“Why should I be?” she asked, observing him calmly. He hesitated and paid much attention to his cigarette.
“Oh, no reason at all, I suppose,” he answered finally. He looked up in time to surprise a little mocking smile in her eyes. Nonsense! He’d show her that she couldn’t bluff him down like that! “To be honest,” he continued, “what I meant was that some folks take a dislike to their own names; in which case they are scarcely impartial judges.” He looked across at her challengingly. She returned the look serenely.
“So you think that is my name?” she asked.
“Isn’t it?”
“I don’t see why you should think so,” she parried. “I might have found it in a novel. I’m sure it sounds like a name out of a novel.”
“But you haven’t denied it,” he insisted.
“I don’t intend to,” she replied, the little tantalizing smile quivering again at the corners of her mouth. “Besides, I have already told you that my name is Clytie.”

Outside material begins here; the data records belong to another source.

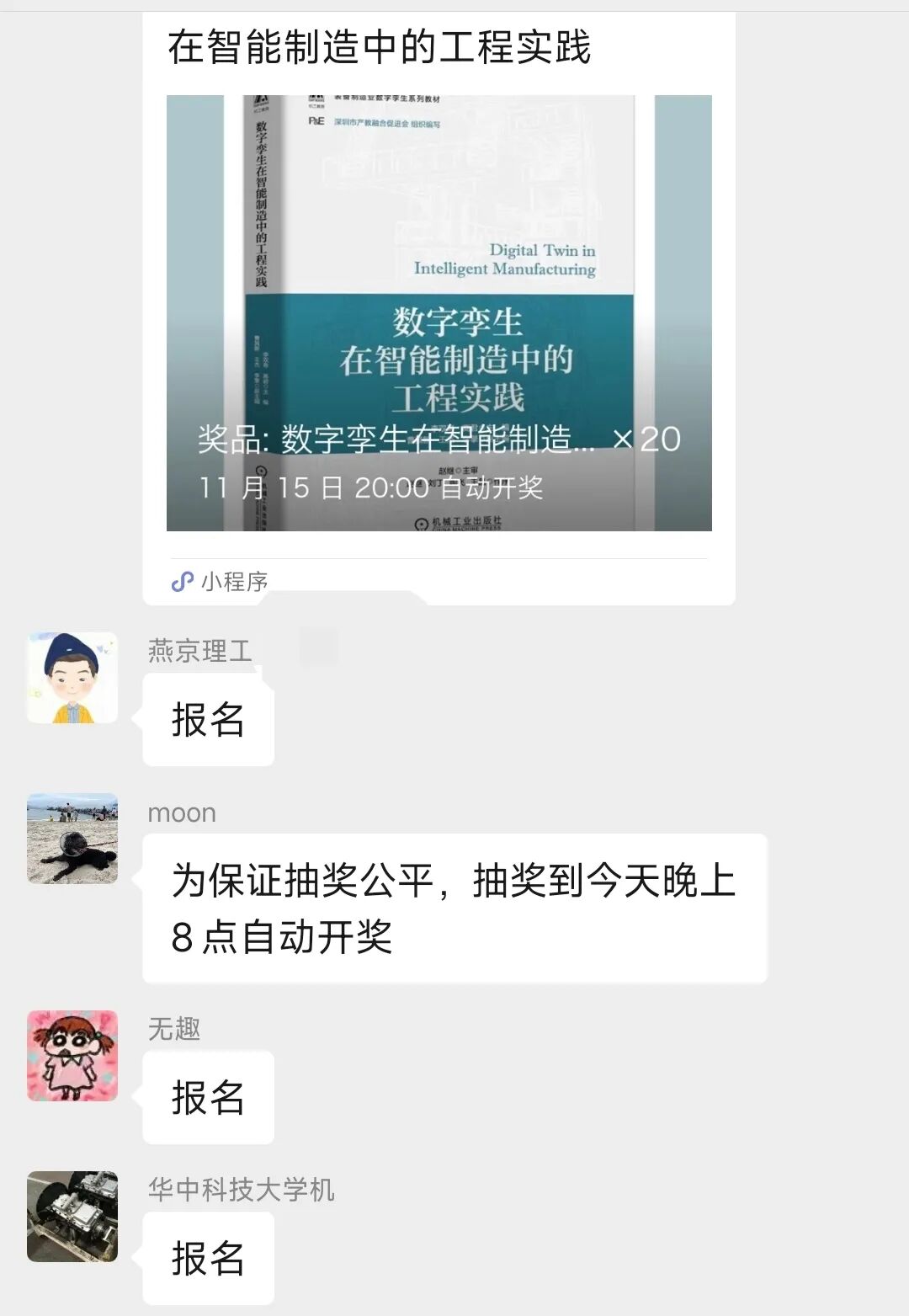 为了提高参赛师生积极性,促进会还通过抽奖形式向参赛师生赠送了多本教材《数字孪生在智能制造中的工程实践》。该书为装备制造业数字孪生系列教材,由促进会组织编写,经过多次探讨研究,并结合实际案例,全面解读数字孪生的技术脉络、核心功能及其在智能制造中的应用,填补了相关领域的空白。被列为“十四五”时期国家重点出版物出版专项规划项目“工业人工智能前沿技术与创新应用系列丛书”
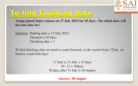 Anuja joined dance classes on 17 July 2015 for 45 days . On which date will
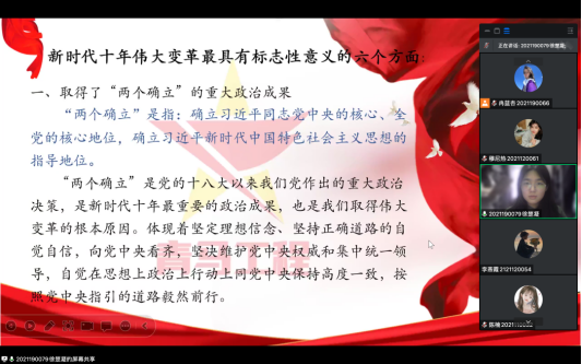 通过本次宣讲会,唤起了同学们爱国,爱党的初心,更深入理解了二十大召开的意义,不论是大会的相关信息与主题,党的中心任务和战略安排等理论知识,还是坚持从实际出发,实事求是,不断推进马克思主义中国化,时代化的青年故事,都是党的二十大精神内涵给予同学们深刻地教育意义。
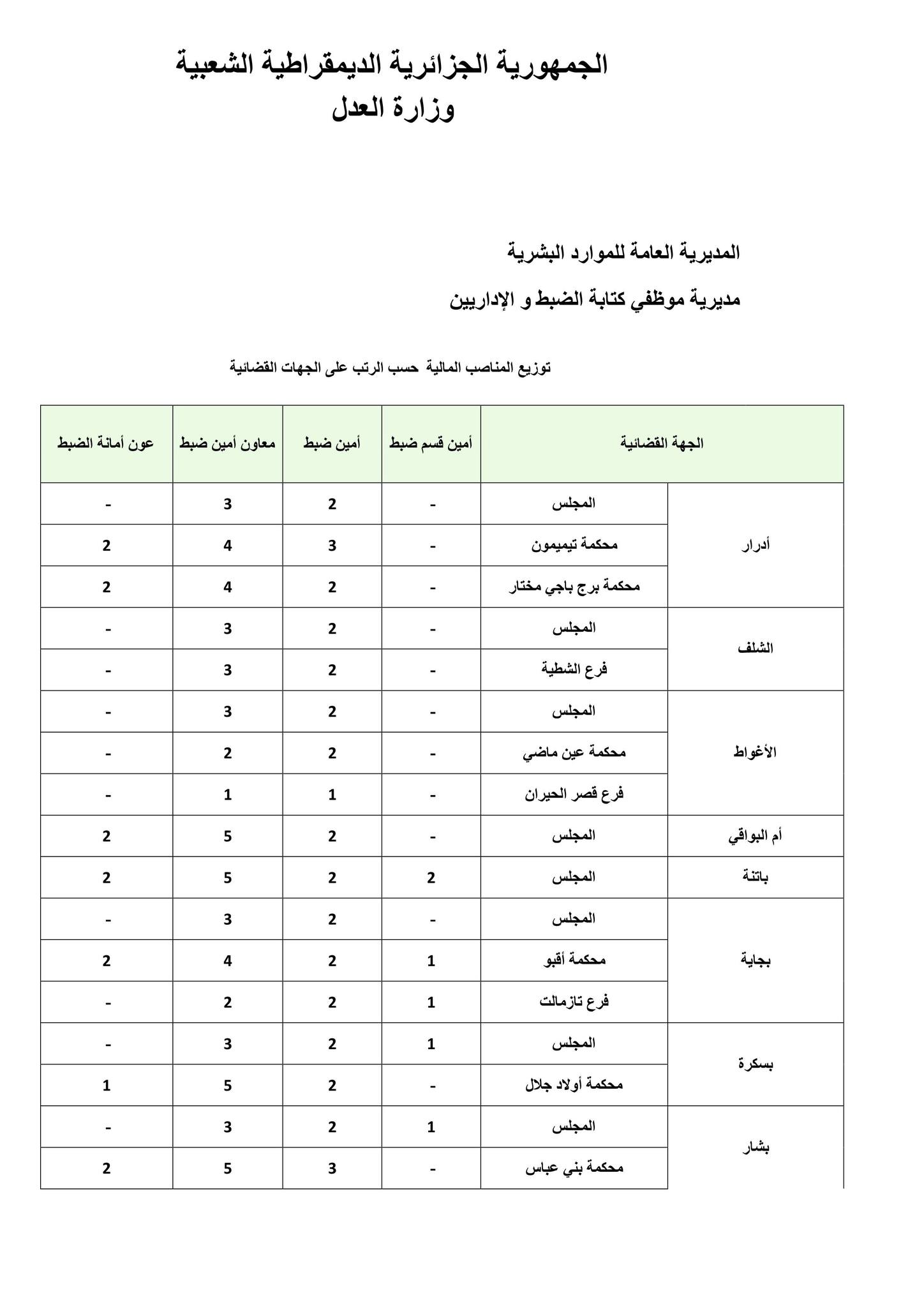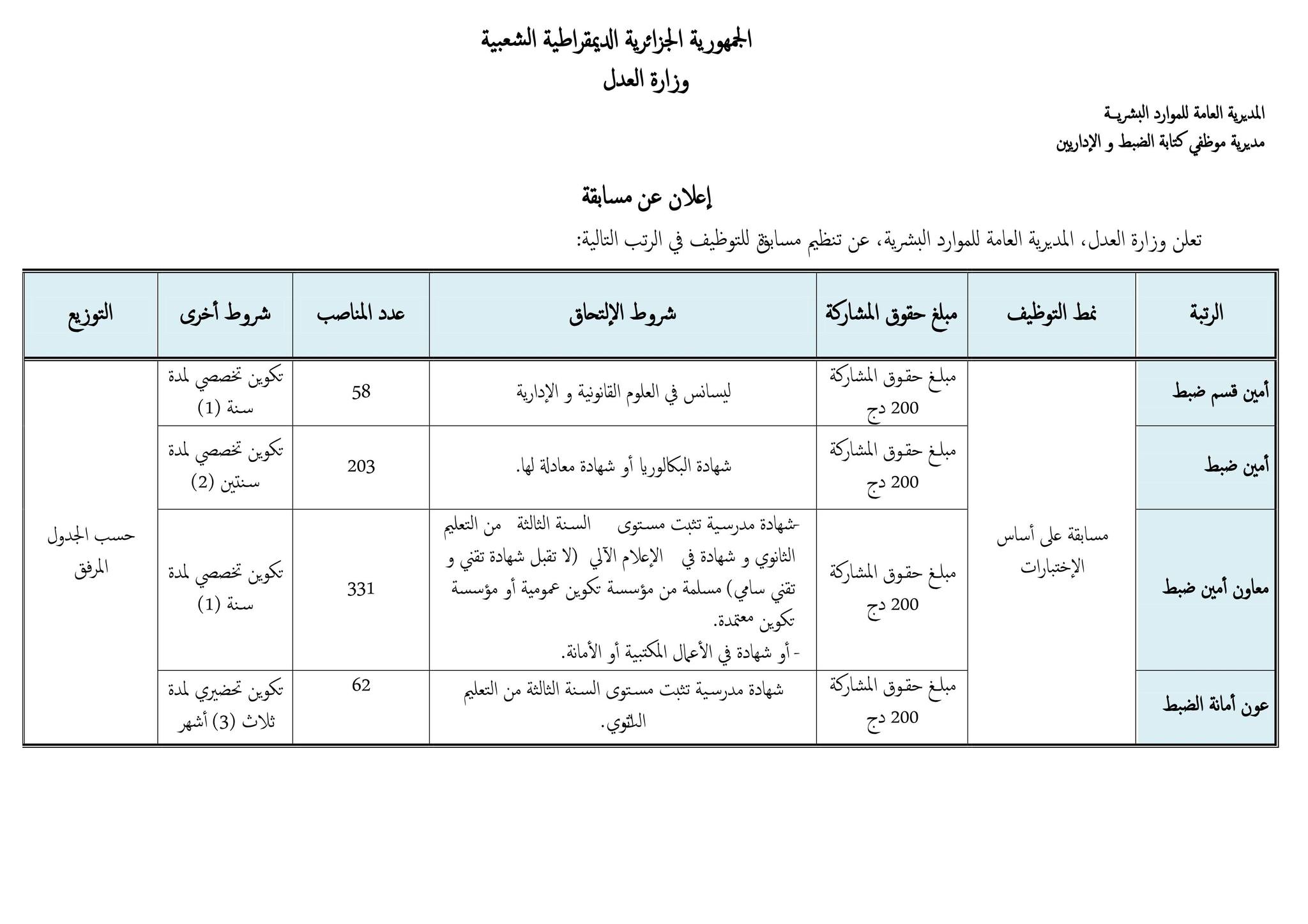 كما تشمل المسابقة أيضا توظيف 331 معاون أمين ضبط من ذوي مستوى الثالثة ثانوي مع شهادة في الإعلام الآلي أو الأعمال المكتبية، بالإضافة إلى توظيف 62 عون أمانة ضبط من ذوي مستوى الثالثة ثانوي. يضيف المصدر نفسه.

He tossed the remains of his cigarette toward where one of the swans was paddling about. The long neck writhed snake-like and the bill disappeared under the water. Then with an insulted air and an angry bob of the tail, the swan turned her back on Ethan and sailed hurriedly back to her family.
“I understand,” he said. “I will try not to forget hereafter that this is Arcadia, that you are Clytie and that I am Vertumnus.”